[RECORDS FOR THE EXERCISE]
Segment Open

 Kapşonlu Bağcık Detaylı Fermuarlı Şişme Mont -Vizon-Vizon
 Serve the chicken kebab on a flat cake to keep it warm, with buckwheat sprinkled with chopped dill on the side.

Segment Closed
Segment Open

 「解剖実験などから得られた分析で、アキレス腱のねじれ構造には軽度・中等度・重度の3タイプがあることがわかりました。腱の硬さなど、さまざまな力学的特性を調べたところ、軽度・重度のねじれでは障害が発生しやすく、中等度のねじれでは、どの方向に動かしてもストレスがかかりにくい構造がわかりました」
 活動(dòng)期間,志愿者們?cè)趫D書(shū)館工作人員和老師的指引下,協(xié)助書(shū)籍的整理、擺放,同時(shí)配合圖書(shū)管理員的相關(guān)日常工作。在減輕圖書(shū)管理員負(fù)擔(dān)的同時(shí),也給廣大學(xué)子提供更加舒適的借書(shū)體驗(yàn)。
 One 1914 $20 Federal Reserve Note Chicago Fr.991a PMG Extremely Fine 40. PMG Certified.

Segment Closed
Segment Open

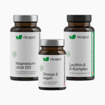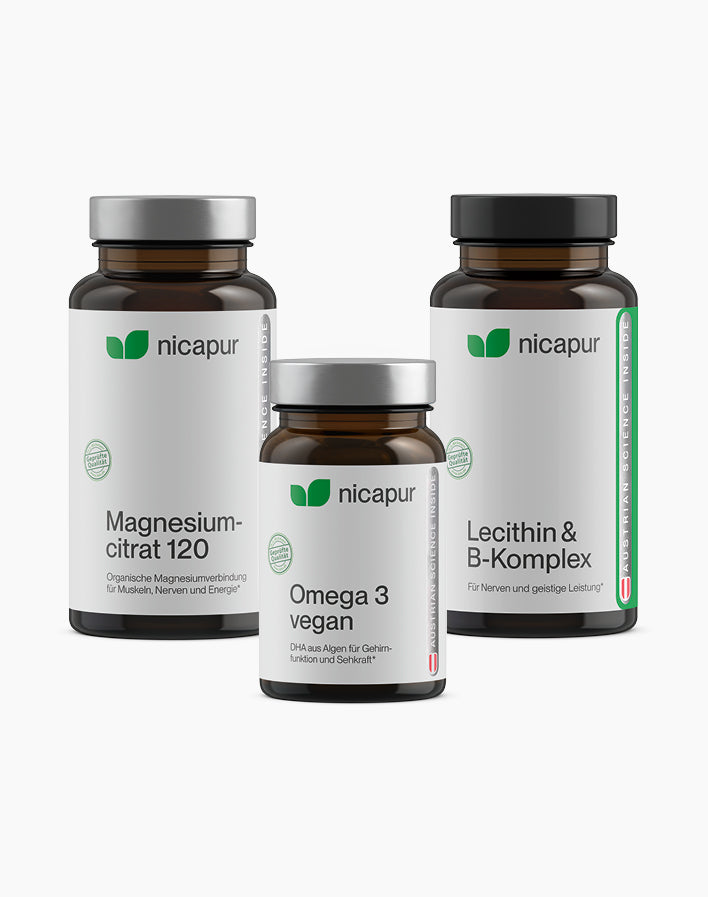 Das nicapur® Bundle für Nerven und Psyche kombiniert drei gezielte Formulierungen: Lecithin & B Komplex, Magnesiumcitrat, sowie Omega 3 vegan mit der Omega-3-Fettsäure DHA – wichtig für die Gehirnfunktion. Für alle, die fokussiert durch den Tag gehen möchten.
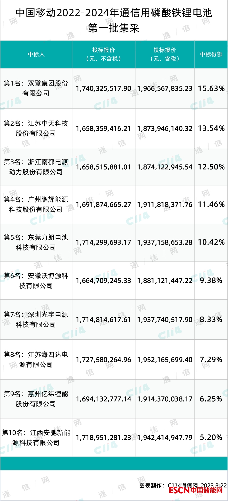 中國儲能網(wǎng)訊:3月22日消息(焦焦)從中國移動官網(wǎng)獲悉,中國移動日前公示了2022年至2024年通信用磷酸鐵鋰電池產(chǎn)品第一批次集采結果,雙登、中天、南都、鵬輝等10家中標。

Segment Closed

[TASK DIRECTIONS] Set down, exactly as they appear above, all lines from the one that has "Kapşonlu Bağcık Detaylı" down to the one that has "Serve the chicken", including those two and no others.

[RESULT OF THE TASK]
 Kapşonlu Bağcık Detaylı Fermuarlı Şişme Mont -Vizon-Vizon
 Serve the chicken kebab on a flat cake to keep it warm, with buckwheat sprinkled with chopped dill on the side.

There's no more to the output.